In the listing below, the lines starting at the line with "Klientka chtěla krásnou" and ending at the line with "Waist | Hip |" are to be output verbatim. Images stay out of the copy.

▸ **DATA EXTRACTS**:
================================
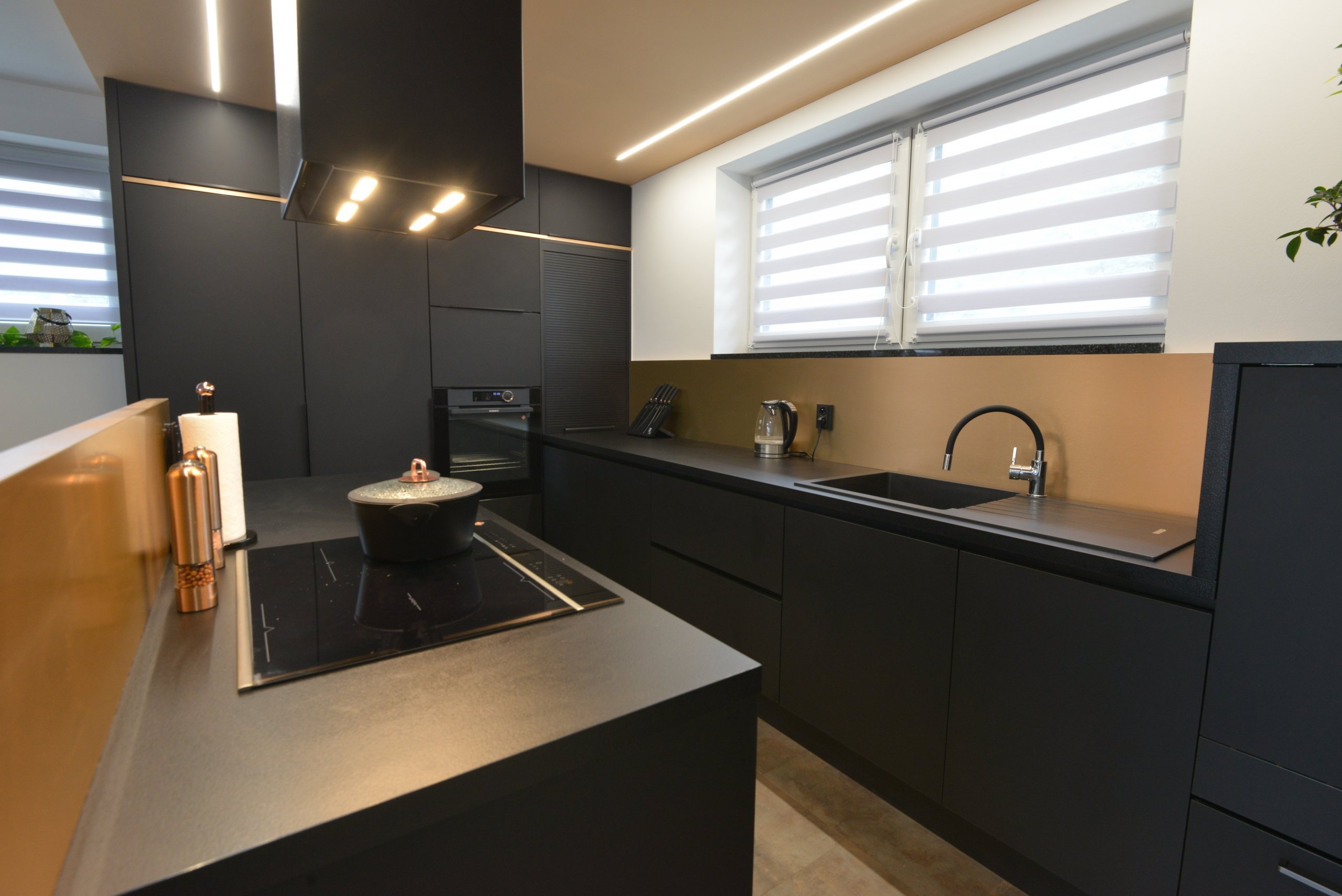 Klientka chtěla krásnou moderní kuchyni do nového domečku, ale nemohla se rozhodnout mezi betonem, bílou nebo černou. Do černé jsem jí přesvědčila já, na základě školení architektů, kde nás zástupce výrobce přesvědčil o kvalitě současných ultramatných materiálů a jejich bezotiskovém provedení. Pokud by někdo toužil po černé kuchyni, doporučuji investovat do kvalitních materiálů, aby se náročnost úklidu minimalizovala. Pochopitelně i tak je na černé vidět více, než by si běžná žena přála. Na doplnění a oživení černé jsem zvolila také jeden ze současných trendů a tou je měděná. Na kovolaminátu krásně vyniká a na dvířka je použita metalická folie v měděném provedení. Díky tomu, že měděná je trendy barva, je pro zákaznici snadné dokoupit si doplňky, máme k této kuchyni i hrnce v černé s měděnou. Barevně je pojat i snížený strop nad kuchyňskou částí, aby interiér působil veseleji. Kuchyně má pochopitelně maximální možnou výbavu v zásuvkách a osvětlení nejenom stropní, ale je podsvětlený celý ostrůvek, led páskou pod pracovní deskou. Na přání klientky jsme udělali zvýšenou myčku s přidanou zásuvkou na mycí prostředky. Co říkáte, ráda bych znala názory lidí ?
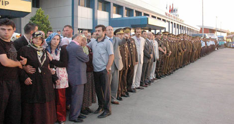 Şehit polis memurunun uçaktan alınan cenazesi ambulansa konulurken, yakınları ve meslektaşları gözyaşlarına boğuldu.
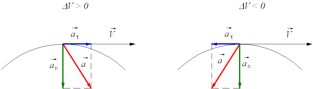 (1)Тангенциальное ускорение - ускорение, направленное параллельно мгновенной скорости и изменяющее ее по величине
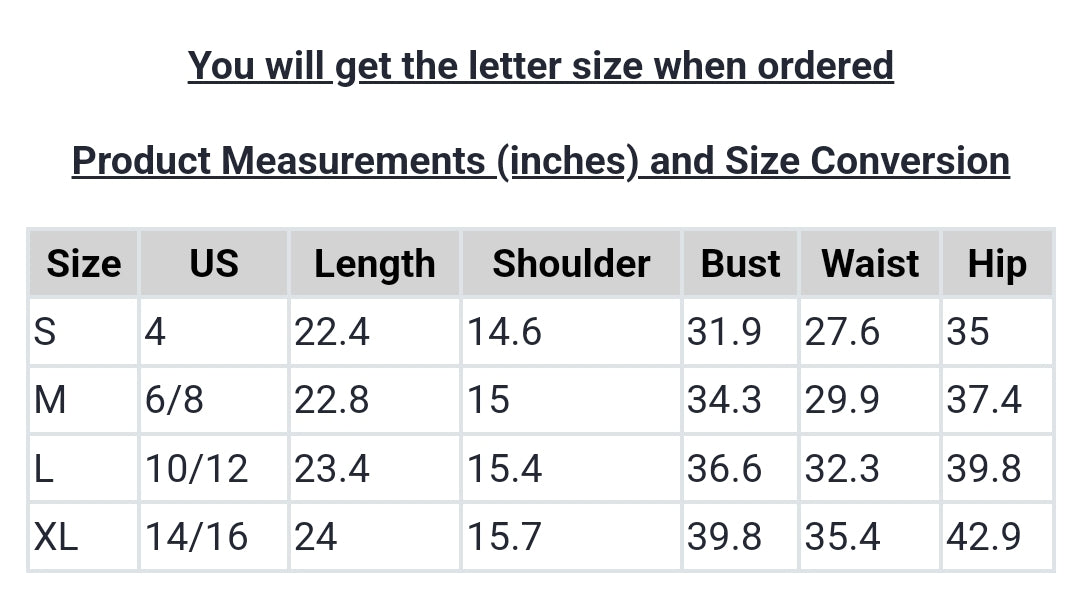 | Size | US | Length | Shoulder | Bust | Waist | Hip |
================================
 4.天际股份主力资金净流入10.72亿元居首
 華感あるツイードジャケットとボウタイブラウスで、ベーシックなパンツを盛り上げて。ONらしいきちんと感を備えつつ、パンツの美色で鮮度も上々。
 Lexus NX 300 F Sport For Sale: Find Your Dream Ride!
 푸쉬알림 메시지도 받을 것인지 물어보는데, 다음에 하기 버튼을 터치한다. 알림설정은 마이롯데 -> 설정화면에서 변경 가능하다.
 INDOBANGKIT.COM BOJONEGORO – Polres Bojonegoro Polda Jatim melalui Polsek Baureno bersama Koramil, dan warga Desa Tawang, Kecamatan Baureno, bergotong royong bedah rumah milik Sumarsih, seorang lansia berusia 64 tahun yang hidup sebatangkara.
================================
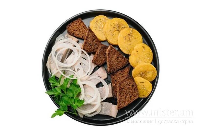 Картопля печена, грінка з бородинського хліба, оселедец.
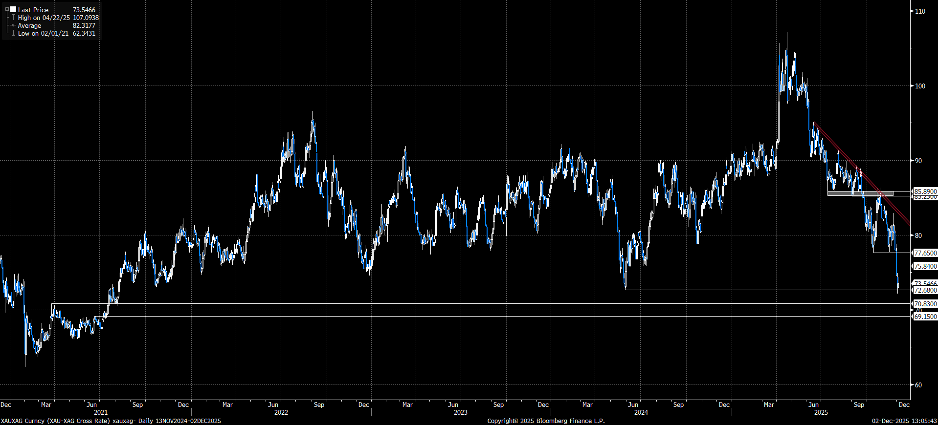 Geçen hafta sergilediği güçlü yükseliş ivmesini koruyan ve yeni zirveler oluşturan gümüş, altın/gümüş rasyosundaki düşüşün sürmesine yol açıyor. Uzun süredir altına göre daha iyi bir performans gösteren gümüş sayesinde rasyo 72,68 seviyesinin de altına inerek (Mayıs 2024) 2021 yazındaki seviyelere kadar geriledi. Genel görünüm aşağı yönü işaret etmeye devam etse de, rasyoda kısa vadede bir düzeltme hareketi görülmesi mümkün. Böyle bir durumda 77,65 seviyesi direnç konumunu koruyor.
================================
▸ **RESPONSE BOX**:
 Klientka chtěla krásnou moderní kuchyni do nového domečku, ale nemohla se rozhodnout mezi betonem, bílou nebo černou. Do černé jsem jí přesvědčila já, na základě školení architektů, kde nás zástupce výrobce přesvědčil o kvalitě současných ultramatných materiálů a jejich bezotiskovém provedení. Pokud by někdo toužil po černé kuchyni, doporučuji investovat do kvalitních materiálů, aby se náročnost úklidu minimalizovala. Pochopitelně i tak je na černé vidět více, než by si běžná žena přála. Na doplnění a oživení černé jsem zvolila také jeden ze současných trendů a tou je měděná. Na kovolaminátu krásně vyniká a na dvířka je použita metalická folie v měděném provedení. Díky tomu, že měděná je trendy barva, je pro zákaznici snadné dokoupit si doplňky, máme k této kuchyni i hrnce v černé s měděnou. Barevně je pojat i snížený strop nad kuchyňskou částí, aby interiér působil veseleji. Kuchyně má pochopitelně maximální možnou výbavu v zásuvkách a osvětlení nejenom stropní, ale je podsvětlený celý ostrůvek, led páskou pod pracovní deskou. Na přání klientky jsme udělali zvýšenou myčku s přidanou zásuvkou na mycí prostředky. Co říkáte, ráda bych znala názory lidí ?
 Şehit polis memurunun uçaktan alınan cenazesi ambulansa konulurken, yakınları ve meslektaşları gözyaşlarına boğuldu.
 (1)Тангенциальное ускорение - ускорение, направленное параллельно мгновенной скорости и изменяющее ее по величине
 | Size | US | Length | Shoulder | Bust | Waist | Hip |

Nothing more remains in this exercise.